From the evidence introduced we do not believe the trial court was justified in assuming as a matter of law that the railroad company was not responsible for the acts of Slaton, in view of the plain language of the statute, supra. The rule in this jurisdiction applicable to a demurrer to the evidence has been repeatedly held to be:

"The test applied to a demurrer to the evidence is that all the facts which the evidence in the slightest degree tends to prove, and all inferences or conclusions which may be reasonably and logically drawn therefrom, are admitted, and the court cannot weigh conflicting evidence, but must treat as withdrawn the evidence which is most favorable to the demurrant." Prairie Oil Gas Co. v. Kinney, 79 Okla. 206,192 P. 586.

As the wrongful acts were committed on the premises of the railroad company and the plaintiffs were unlawfully locked in the baggage room of the defendant company, and the unlawful arrest and restraint of the plaintiffs was on the premises of the railroad company by an employe of the railroad company, it was wholly unnecessary for the plaintiffs to offer any evidence as to Slaton's being appointed deputy sheriff, and it was only material at that time as showing the relation of Slaton to the company. The plaintiffs had established a prima facie case after having introduced evidence showing that Slaton was an employe of the railroad company and the wrongful acts committed by him. The statute, supra, makes the company liable for the wrongful acts of such special officer, and where such special officer held a commission as a deputy sheriff, the burden of showing that such special officer was not acting for the company but in some other capacity than that for which the railroad company had employed him, was upon the company. There is nothing in the evidence introduced on the part of the plaintiffs to indicate Slaton had any reasons whatsoever for acting as a deputy sheriff. No crime had been committed in his presence. There is no intimation that Slaton had any information that the plaintiffs were accused of violating any law, but, acting without a warrant or any complaint having been made, he, in violation of all the legal rights of the plaintiffs, unlawfully arrested them and searched their baggage, and it is our conclusion that the trial court committed reversible error in sustaining the demurrer to the evidence.

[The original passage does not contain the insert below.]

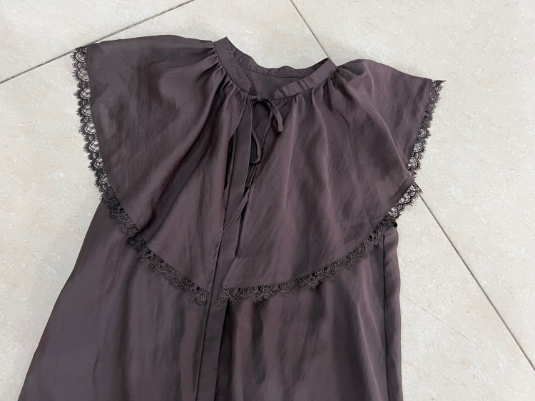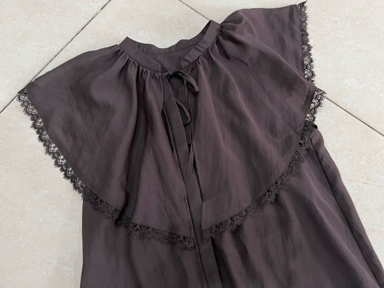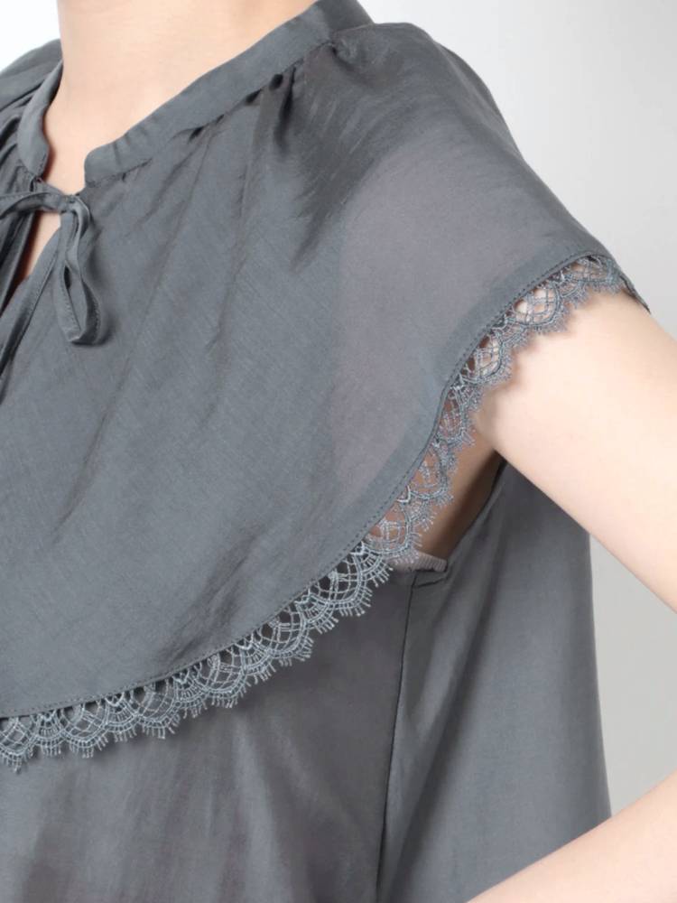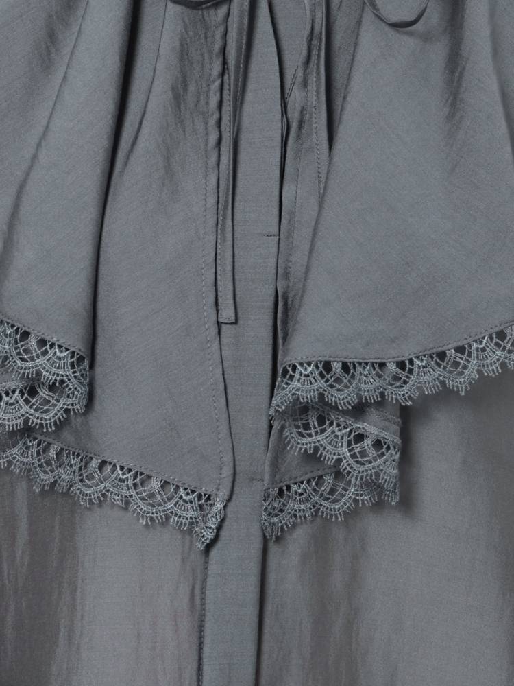 襟端には繊細なケミカルレースをあしらって付加価値をプラスしています。

If the officer, Slaton, ever performed any duties as a deputy sheriff and for the protection of the general public, and was acting in such capacity at the time he committed the wrongful acts, the burden is on the defendant, Director General, to show such facts; but, if Slaton only held a commission as deputy sheriff wholly for the purpose of performing his duties as an employe and special agent of the railroad company, then the company, or Director General, is responsible for his acts.

The judgment of the trial court is reversed, and the cause is remanded to the district court of Wagoner county, with directions to grant plaintiffs a new trial.

JOHNSON, V. C. J., and KANE, NICHOLSON, COCHRAN, and BRANSON, JJ., concur.